Shortly after the formation of the Triple Alliance, Itzcoatl and Tlacopan instigated sweeping reforms on the Aztec state and religion. It has been alleged that Tlacaelel ordered the burning of some or most of the extant Aztec books, claiming that they contained lies and that it was "not wise that all the people should know the paintings". He rewrote the history of the Aztecs thereafter, naturally placing the Mexica in a more central role.

After Moctezuma I succeeded Itzcoatl as the Mexica emperor, more reforms were instigated to maintain control over conquered cities. Uncooperative kings were replaced with puppet rulers loyal to the Mexica. A new imperial tribute system established Mexica tribute collectors that taxed the population directly, bypassing the authority of local dynasties. Nezahualcoyotl also instituted a policy in the Acolhua lands of granting subject kings tributary holdings in lands far from their capitals. This was done to create an incentive for cooperation with the empire; if a city's king rebelled, he lost the tribute he received from foreign land. Some rebellious kings were replaced by calpixqueh or appointed governors rather than dynastic rulers.

Moctezuma issued new laws that separated nobles from commoners and instituted the death penalty for adultery and other offenses. A religiously supervised school was built in every neighborhood by royal decree. Commoner neighborhoods had a school called a "telpochcalli" where they received basic religious instruction and military training. A second, more prestigious type of school called a "calmecac" served to teach the nobility, as well as commoners of high standing seeking to become priests or artisans. Moctezuma also created a new title called "quauhpilli" that could be conferred on commoners. This title was a form of non-hereditary lesser nobility awarded for outstanding military or civil service (similar to the English knight). Commoners who received this title rarely married into royal families and became kings.

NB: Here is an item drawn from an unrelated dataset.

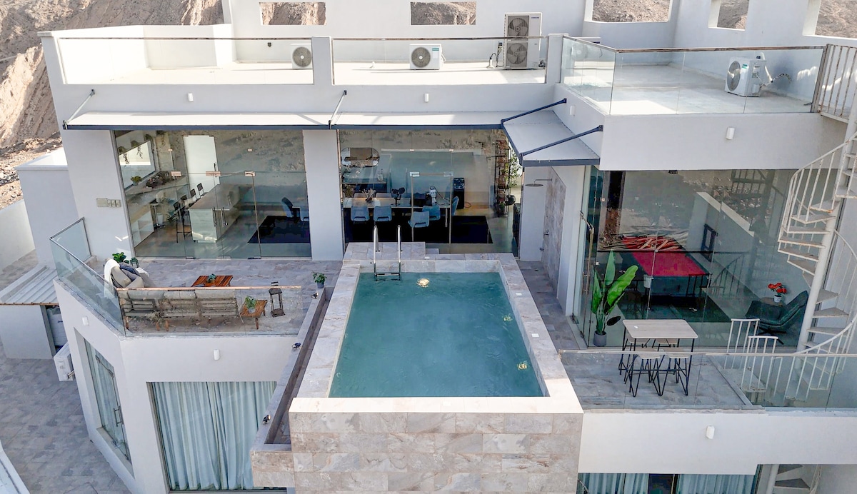A hotel resort dedicated to couples to live a unique atmosphere designed in a unique and modern style to suit your relaxation in different atmospheres It has Private Pool with double hight living room and master room view to swimming pool and living room Swimming pool have temperature control Quite Place and safely 40 Km from Muscat Airport 35 Minutes from Airport

One component of this reform was the creation of an institution of regulated warfare called the Flower Wars. Mesoamerican warfare overall is characterized by a strong preference for capturing live prisoners as opposed to slaughtering the enemy on the battlefield, which was considered sloppy and gratuitous. The Flower Wars are a potent manifestation of this approach to warfare. These highly ritualized wars ensured a steady, healthy supply of experienced Aztec warriors as well as a steady, healthy supply of captured enemy warriors for sacrifice to the gods. Flower wars were pre-arranged by officials on both sides and conducted specifically for the purpose of each polity collecting prisoners for sacrifice. Native historical accounts say that these wars were instigated by Tlacaelel as a means of appeasing the gods in response to a massive drought that gripped the Basin of Mexico from 1450 to 1454. The flower wars were mostly waged between the Aztec Empire and the neighboring cities of their arch-enemy Tlaxcala.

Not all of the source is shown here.